Druckwellen-Sensor misst Viskosität 19.03.2014, 15:24 Uhr

Mit Schall die Zähigkeit von Flüssigkeiten prüfen

Eine neue Messmethode für das Fließverhalten von Flüssigkeiten haben Forscher aus Österreich jetzt vorgestellt. Sie nutzen Schallwellen, um die Viskosität, das ist die Zähigkeit einer Flüssigkeit, zu bestimmen. Das Verfahren hat großes Potential zum Beispiel für die Lebensmittelindustrie, aber auch für die Humanmedizin.
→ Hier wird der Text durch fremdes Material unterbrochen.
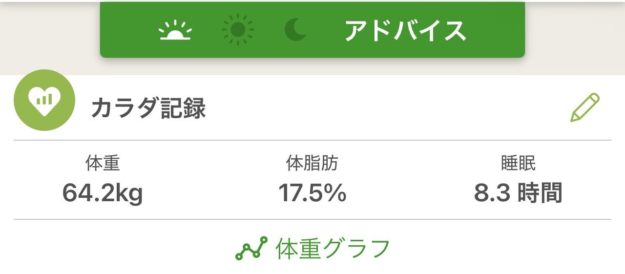 体重64.2kg・体脂肪17.5%・睡眠8.3時間。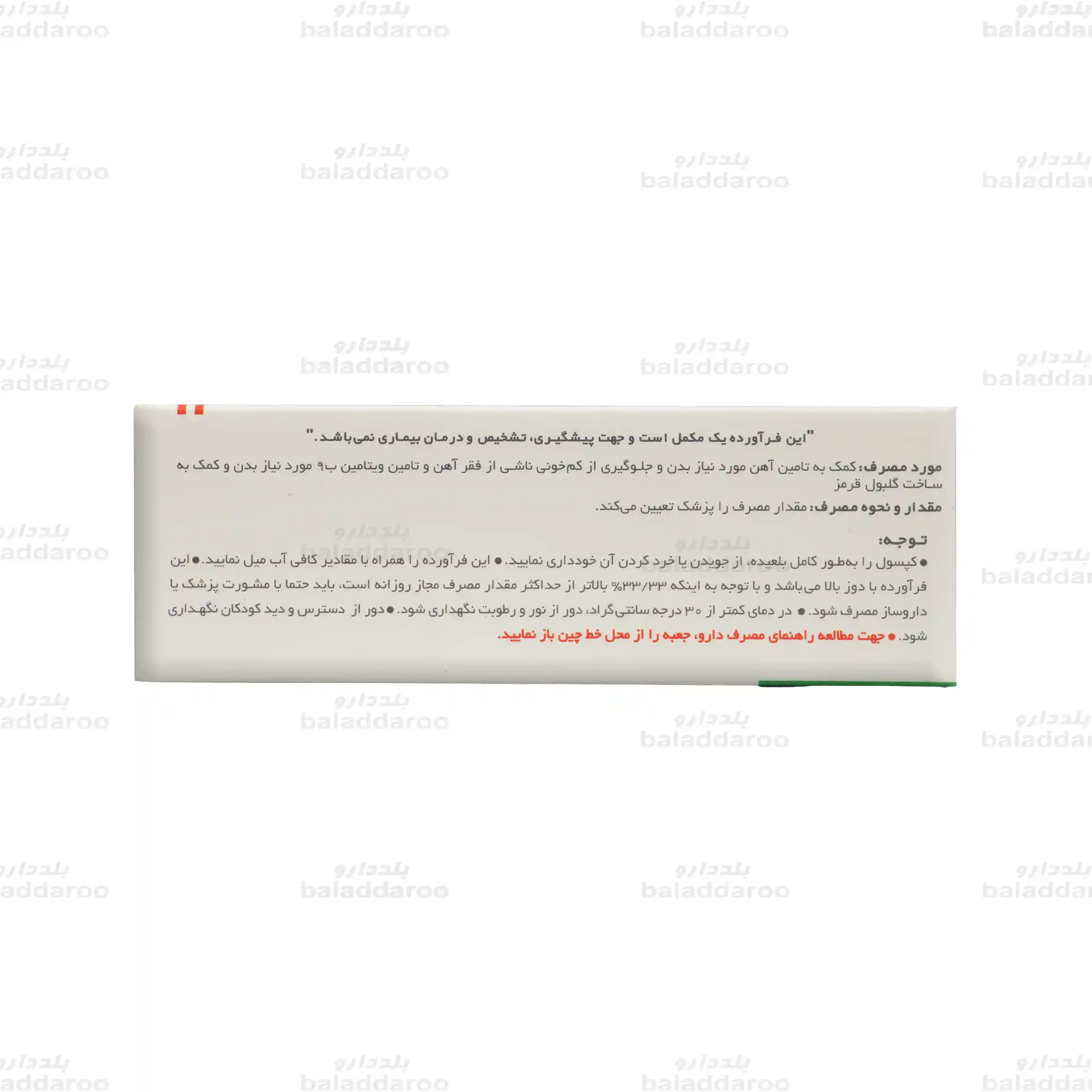 - این فرآورده را با مشورت پزشک یا داروساز مصرف نمایید.
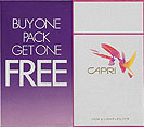 Capri Duty Free USA 1990's 20 pieces with Filter in Flip Top Box with Cellophane Barcode 02723822 Producer Brown & Williamson Tobacco Co. Trade Mark Owner Brown & Williamson Tobacco Co. |
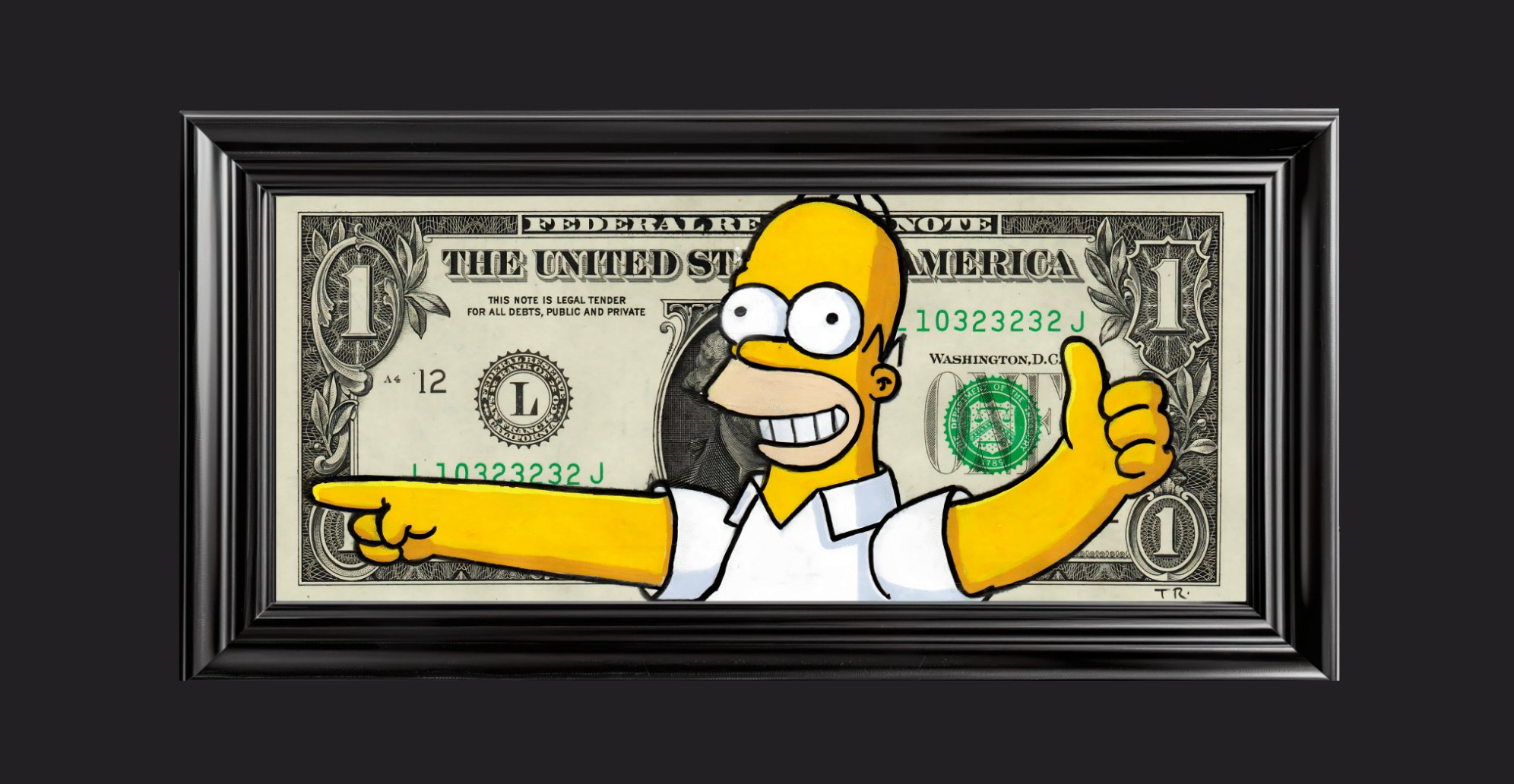 Homer reprend le geste emblématique de Donald Trump, à mi-chemin entre puissance et caricature.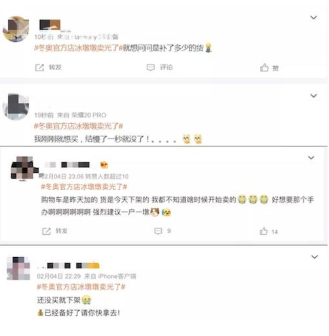(微博圖片) 如今已是超級網紅的“冰墩礅”,一墩難求!5日上午,在北京冬奧會主媒體中心的特許商品店內,“冰墩墩”的貨架已經被消費者買空。店內5分鐘一次補貨,但仍未跟上消費者的購買速度。 天貓方面透露,北京2022年冬奧會吉祥物“冰墩墩”造型手辦在電商平台的銷售十分火爆,1小時賣出1800件。截至2月3日,天貓奧林匹克官方旗艦店訪客數已突破百萬。2月4日,“冰墩墩”手辦上線15分鐘,5000個一掃而光。銷量最高的一款“冰墩墩”雪容融手辦玩具擺件銷量已經超過了6萬。 眾多微博網友都在線留言,表達了對“冰墩墩”喜愛的同時,求官方盡快補貨。

Viskose und weniger viskose Flüssigkeiten:Honig und Wasser

Viskose und weniger viskose Flüssigkeiten:Honig und Wasser

Foto: TU Wien

Die Viskosität ist ein Maß für die Zähigkeit einer Flüssigkeit, je größer die Viskosität, desto dickflüssiger ist sie. Honig, Öl und Sahne haben eine größere Viskosität als Wasser. Es ist für viele industrielle Prozesse daher von enormer Bedeutung, genaue Informationen über dieses Fließverhalten von Flüssigkeiten zu erhalten. So lässt sich anhand der Viskosität eines Schmiermittels in einer Maschine eine Aussage darüber treffen, ob es noch seine Funktion erfüllt, oder ob es gewechselt werden muss. Das ist wichtig für die industrielle Qualitätskontrolle.

Druckwellen-Sensor als Prototyp vorgestellt

In einem Gemeinschaftsprojekt zwischen dem Institut für Sensor- und Aktuatorsysteme der Technischen Universität (TU) Wien, der Johannes Kepler Universität (JKU) in Linz und der Donau Universität Krems haben Wissenschaftler um Professor Franz Keplinger von der TU Wien jetzt den Prototyp eines Sensors vorgestellt, der diese Viskosität auf eine völlig neue Art bestimmen kann: mit Druckwellen.

Der normale Weg der Viskositätsmessung ist die Bestimmung der Scherviskosität der Flüssigkeit. Dazu bewegt man eine dünne Platte durch die zu untersuchende Flüssigkeit, ganz so, als würde man mit der flachen Hand entlang einer Wasseroberfläche streichen. Dabei bewegen sich unterschiedlich weit von der Platte entfernte Flüssigkeitsschichten in Abhängigkeit der Viskosität der Flüssigkeit unterschiedlich schnell mit der Platte mit. Diese verschieden schnellen Bewegungen der Flüssigkeitsschichten bilden in der Summe dann den Viskositätskoeffizient der Scherviskosität.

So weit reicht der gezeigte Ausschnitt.